- _What you are asked to do_
Line by line, retype the material exactly and leave each picture out.

- _Data provided_
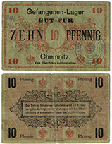 10 пфеннигов 1916 год, лагерь для военнопленных, Хемниц, Германия.
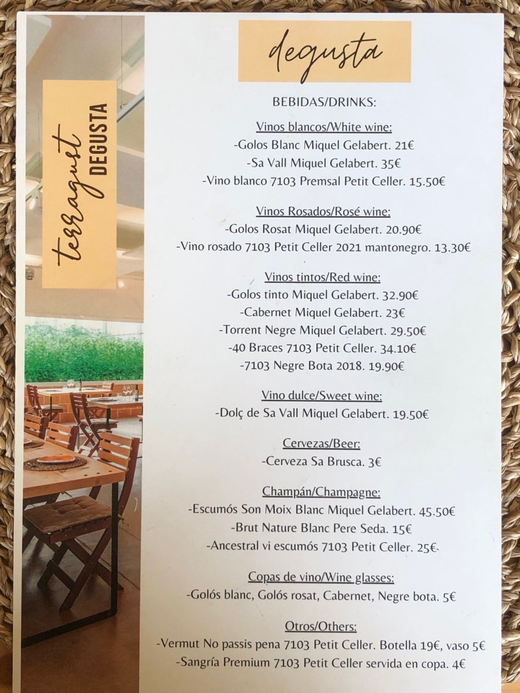 Un comentari especial mereix la carta de vins. Acostumats com estam a la presència de vins de Mallorca a les cartes dels restaurants amb totes les notables excepcions que s’han de fer és un gust veure en un restaurant una carta en la qual tots els vins són de la terra, de diversos cellers i de les diverses marques de qualitat. I els preus als quals s’ofereixen és més baix que els vins peninsulars de similar qualitat. Això dels preus dels vins de Mallorca és un mite a batre.
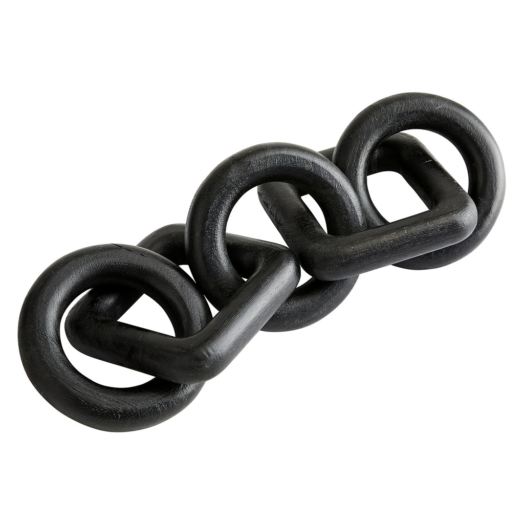 Arteriors Home brings sophistication and style to any interior design project with their collection of decor and tabletop pieces. Crafted by hand, simple geometrics intermingle to form this unique, interlocking Arteriors Brinley wood sculpture. An ebony finish boldly highlights the natural wood grain, establishing a rustic quality that parallels with its modern form. A visual work of art for an entryway console or an étagère in traditional and modern settings. Each piece will be hand-done, lending a one-of-a-kind quality to the designs.

- _Result of this task_
 10 пфеннигов 1916 год, лагерь для военнопленных, Хемниц, Германия.
 Un comentari especial mereix la carta de vins. Acostumats com estam a la presència de vins de Mallorca a les cartes dels restaurants amb totes les notables excepcions que s’han de fer és un gust veure en un restaurant una carta en la qual tots els vins són de la terra, de diversos cellers i de les diverses marques de qualitat. I els preus als quals s’ofereixen és més baix que els vins peninsulars de similar qualitat. Això dels preus dels vins de Mallorca és un mite a batre.
 Arteriors Home brings sophistication and style to any interior design project with their collection of decor and tabletop pieces. Crafted by hand, simple geometrics intermingle to form this unique, interlocking Arteriors Brinley wood sculpture. An ebony finish boldly highlights the natural wood grain, establishing a rustic quality that parallels with its modern form. A visual work of art for an entryway console or an étagère in traditional and modern settings. Each piece will be hand-done, lending a one-of-a-kind quality to the designs.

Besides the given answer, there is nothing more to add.